EXERCISE OBJECTIVE: Retype exactly what appears below from the line containing "Good afternoon! Today" down to the line containing "This home has", keeping both end lines. Do not include pictures.

DATA EXTRACT:
---

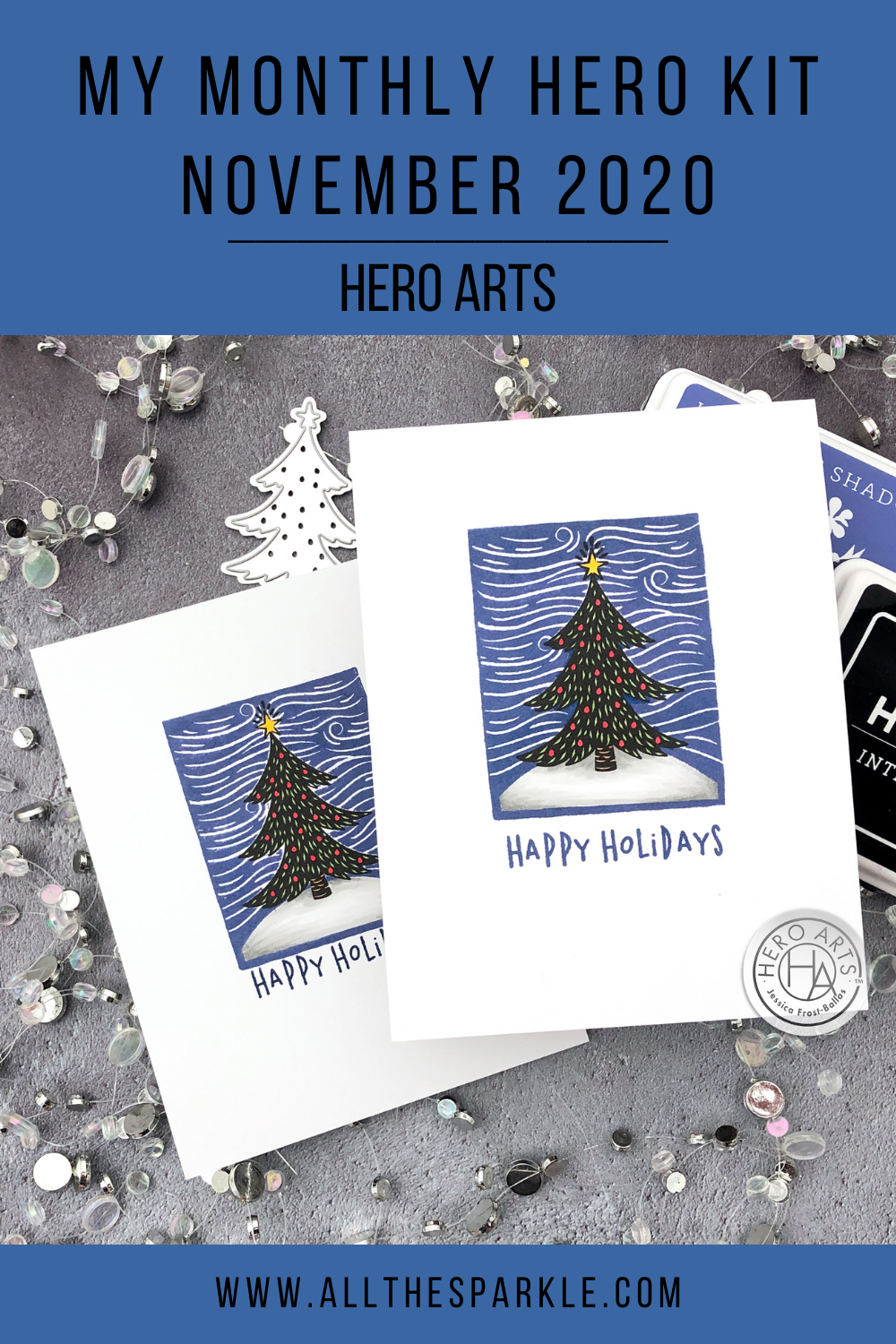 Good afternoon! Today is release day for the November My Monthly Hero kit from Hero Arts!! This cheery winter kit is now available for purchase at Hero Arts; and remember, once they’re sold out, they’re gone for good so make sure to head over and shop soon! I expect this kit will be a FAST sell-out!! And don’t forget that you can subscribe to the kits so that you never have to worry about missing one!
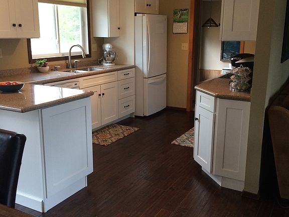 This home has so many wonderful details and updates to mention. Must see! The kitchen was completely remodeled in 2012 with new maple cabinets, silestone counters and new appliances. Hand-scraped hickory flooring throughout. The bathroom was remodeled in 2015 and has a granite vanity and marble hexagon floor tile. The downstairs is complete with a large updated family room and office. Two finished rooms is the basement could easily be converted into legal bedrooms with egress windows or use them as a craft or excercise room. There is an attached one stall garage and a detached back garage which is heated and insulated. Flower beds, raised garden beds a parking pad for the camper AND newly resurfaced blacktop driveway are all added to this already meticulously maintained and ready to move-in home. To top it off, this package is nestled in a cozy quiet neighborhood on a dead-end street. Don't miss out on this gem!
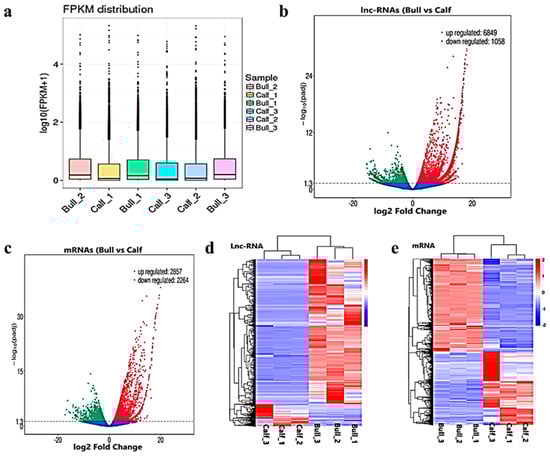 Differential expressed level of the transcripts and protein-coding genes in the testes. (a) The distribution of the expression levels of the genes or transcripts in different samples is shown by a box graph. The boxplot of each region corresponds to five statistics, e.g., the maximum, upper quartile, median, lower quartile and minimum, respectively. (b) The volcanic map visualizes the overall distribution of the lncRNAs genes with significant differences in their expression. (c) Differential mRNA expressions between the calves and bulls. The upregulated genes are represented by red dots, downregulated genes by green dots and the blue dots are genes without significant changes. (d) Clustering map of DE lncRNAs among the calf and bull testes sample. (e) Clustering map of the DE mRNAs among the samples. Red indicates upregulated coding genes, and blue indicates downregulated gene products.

---

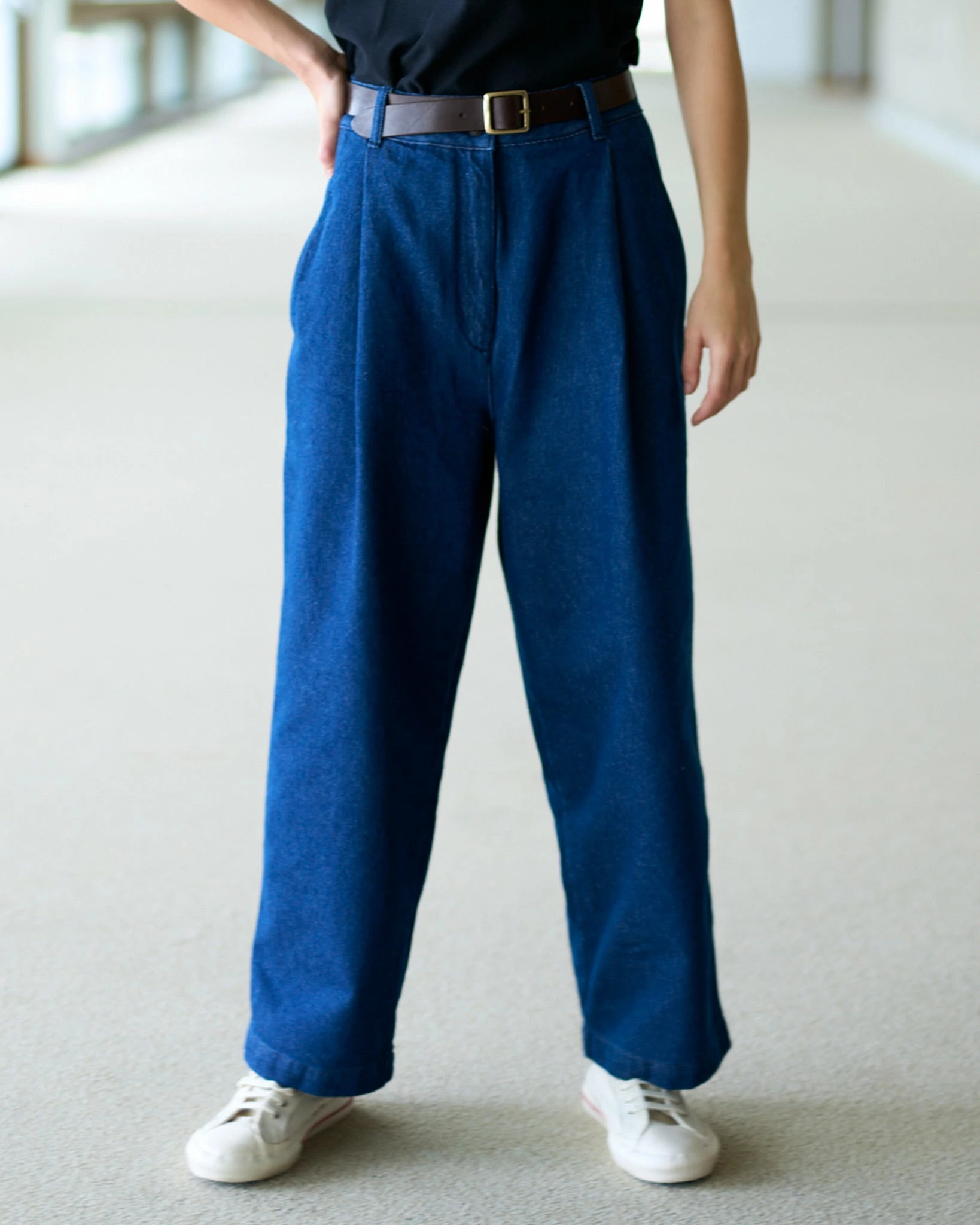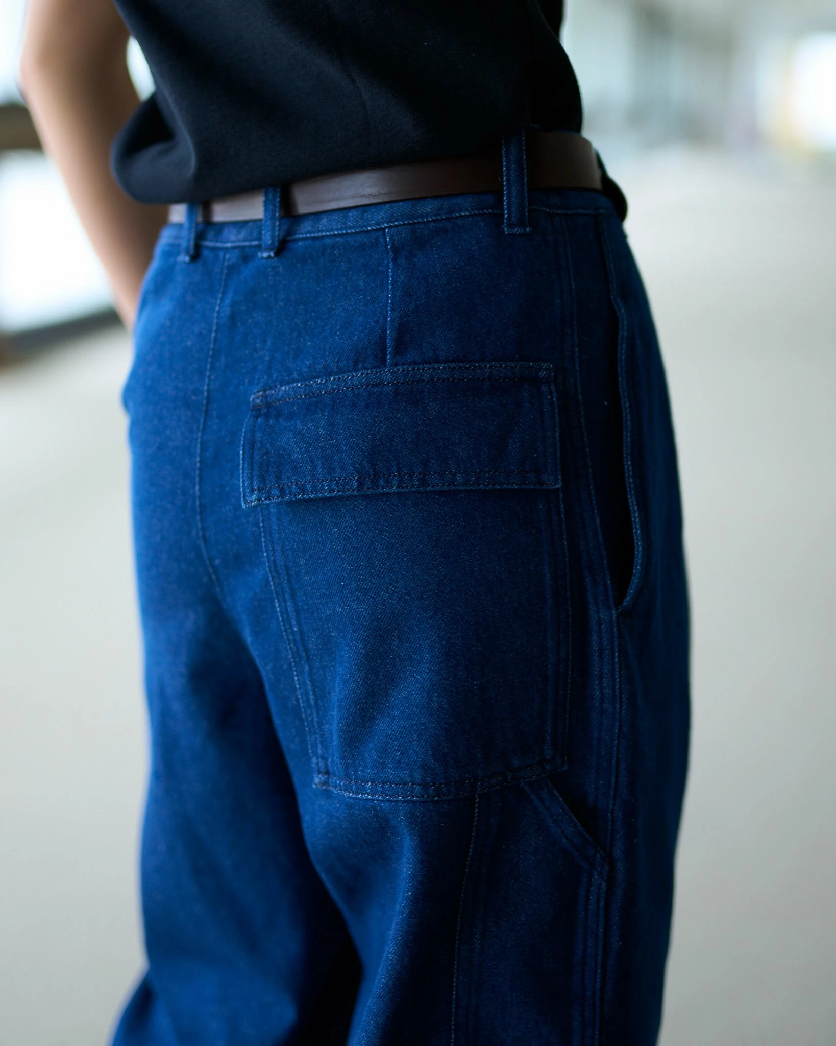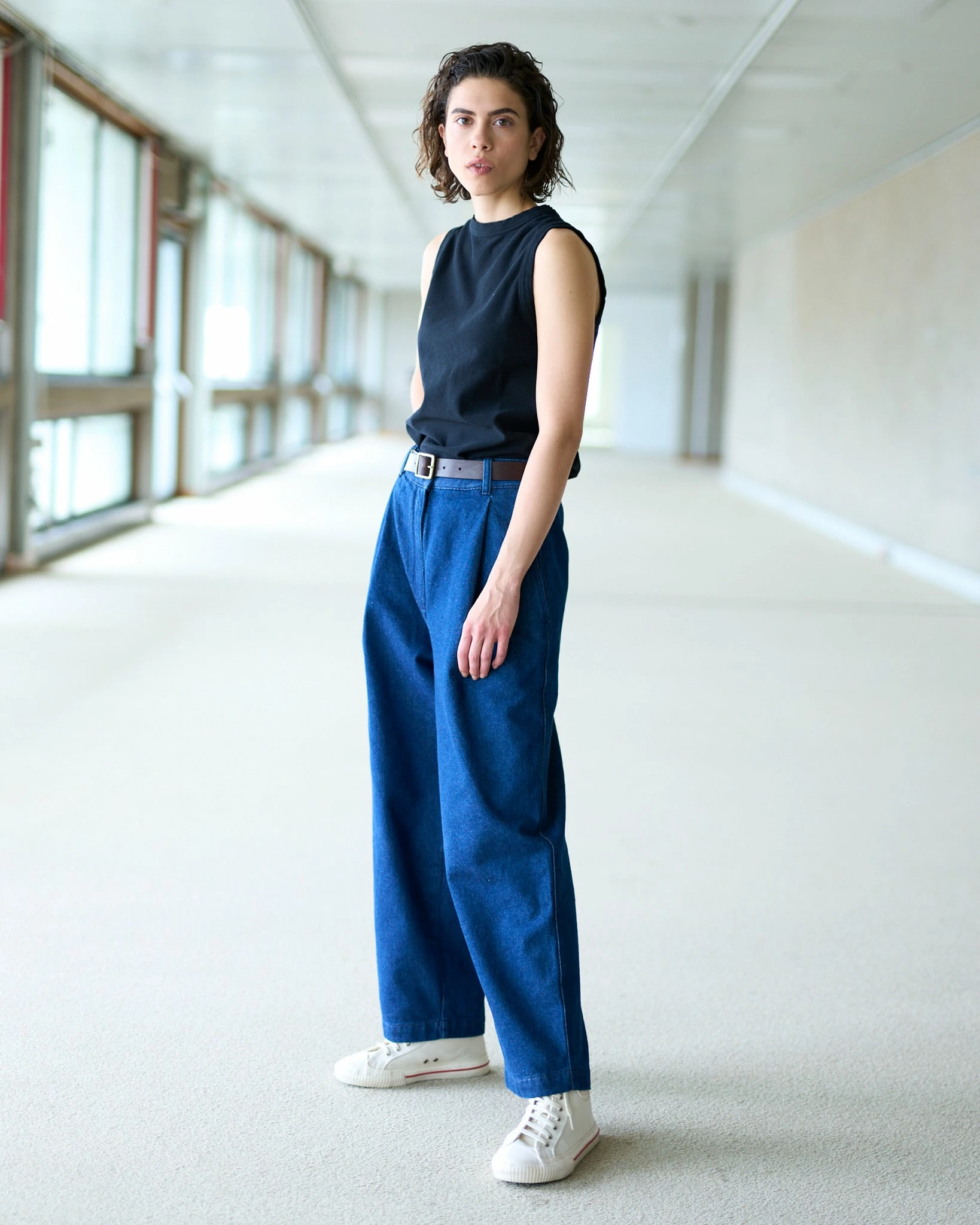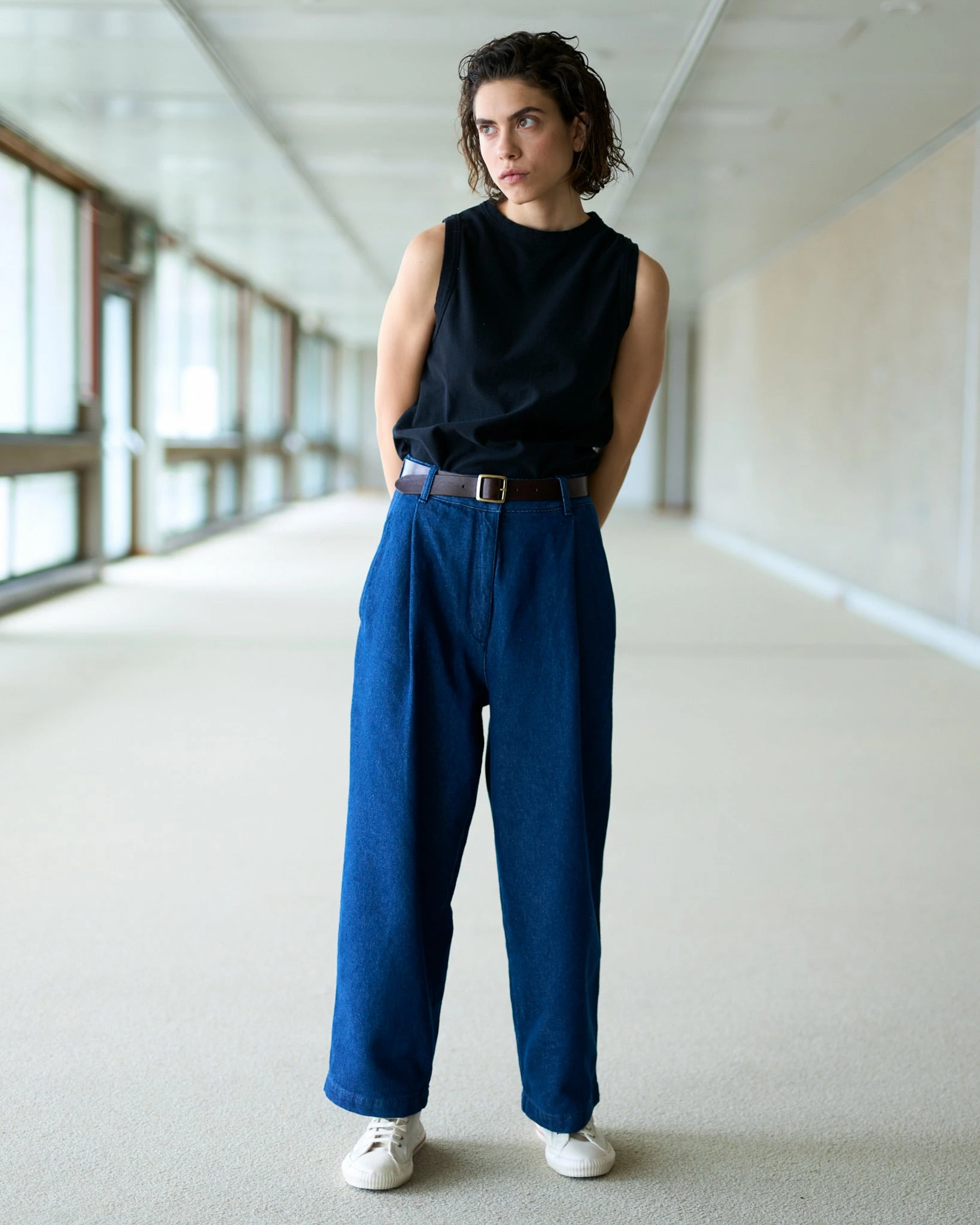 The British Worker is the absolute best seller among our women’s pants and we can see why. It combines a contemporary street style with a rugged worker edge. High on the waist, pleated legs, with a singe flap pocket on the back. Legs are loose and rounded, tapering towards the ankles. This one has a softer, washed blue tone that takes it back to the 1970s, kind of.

---

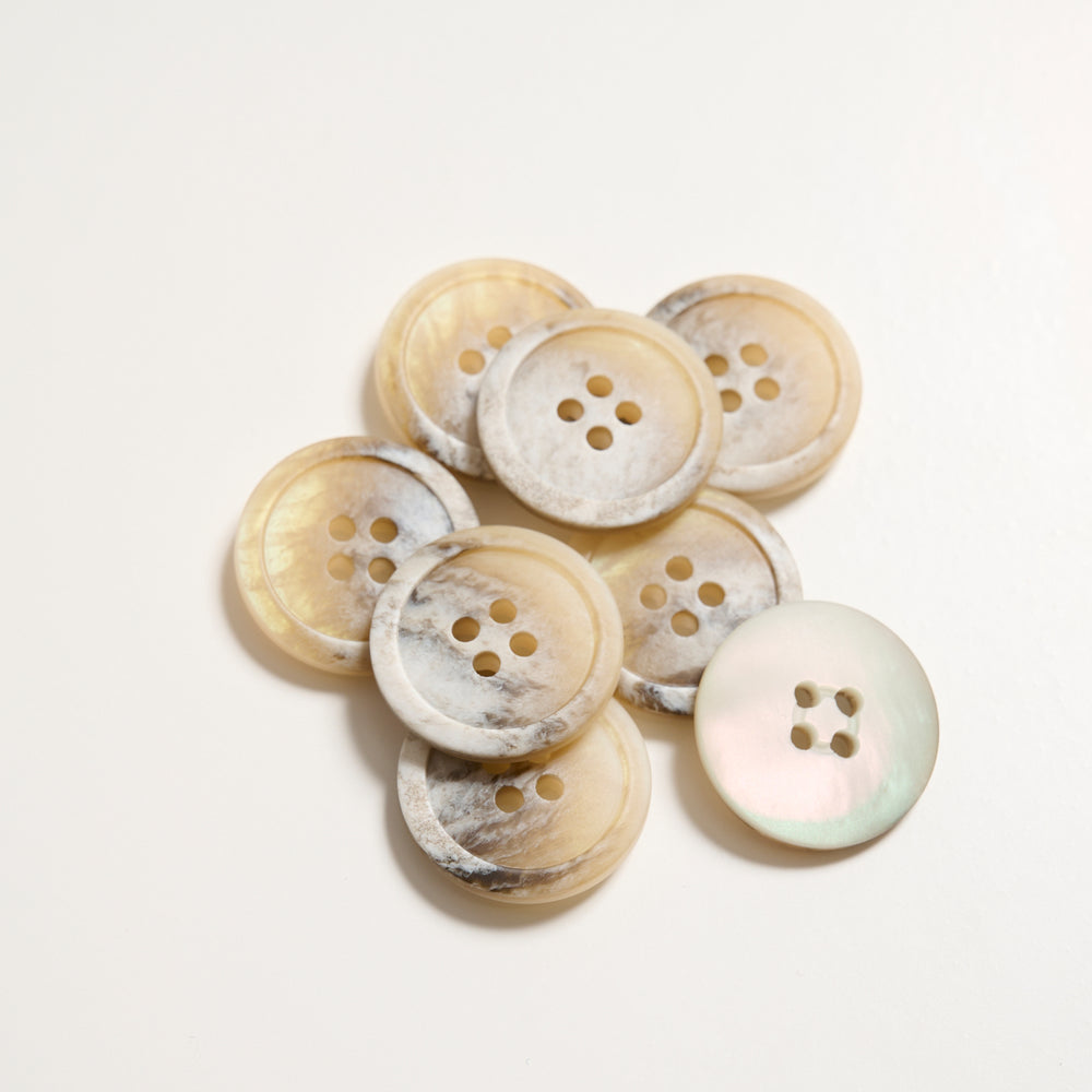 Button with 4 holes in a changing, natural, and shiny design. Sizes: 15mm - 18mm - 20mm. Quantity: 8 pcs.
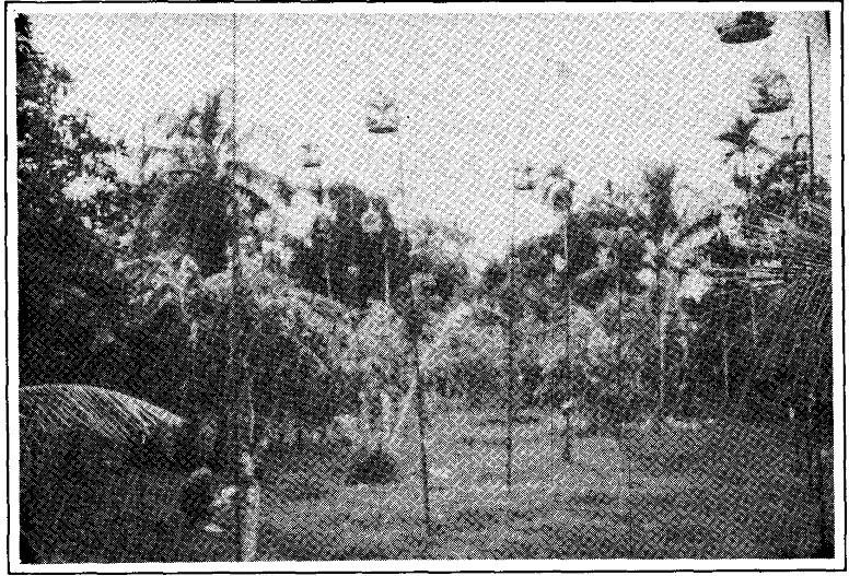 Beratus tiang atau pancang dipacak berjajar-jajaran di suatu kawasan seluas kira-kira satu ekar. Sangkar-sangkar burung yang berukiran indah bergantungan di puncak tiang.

---

SOLUTION:
 Good afternoon! Today is release day for the November My Monthly Hero kit from Hero Arts!! This cheery winter kit is now available for purchase at Hero Arts; and remember, once they’re sold out, they’re gone for good so make sure to head over and shop soon! I expect this kit will be a FAST sell-out!! And don’t forget that you can subscribe to the kits so that you never have to worry about missing one!
 This home has so many wonderful details and updates to mention. Must see! The kitchen was completely remodeled in 2012 with new maple cabinets, silestone counters and new appliances. Hand-scraped hickory flooring throughout. The bathroom was remodeled in 2015 and has a granite vanity and marble hexagon floor tile. The downstairs is complete with a large updated family room and office. Two finished rooms is the basement could easily be converted into legal bedrooms with egress windows or use them as a craft or excercise room. There is an attached one stall garage and a detached back garage which is heated and insulated. Flower beds, raised garden beds a parking pad for the camper AND newly resurfaced blacktop driveway are all added to this already meticulously maintained and ready to move-in home. To top it off, this package is nestled in a cozy quiet neighborhood on a dead-end street. Don't miss out on this gem!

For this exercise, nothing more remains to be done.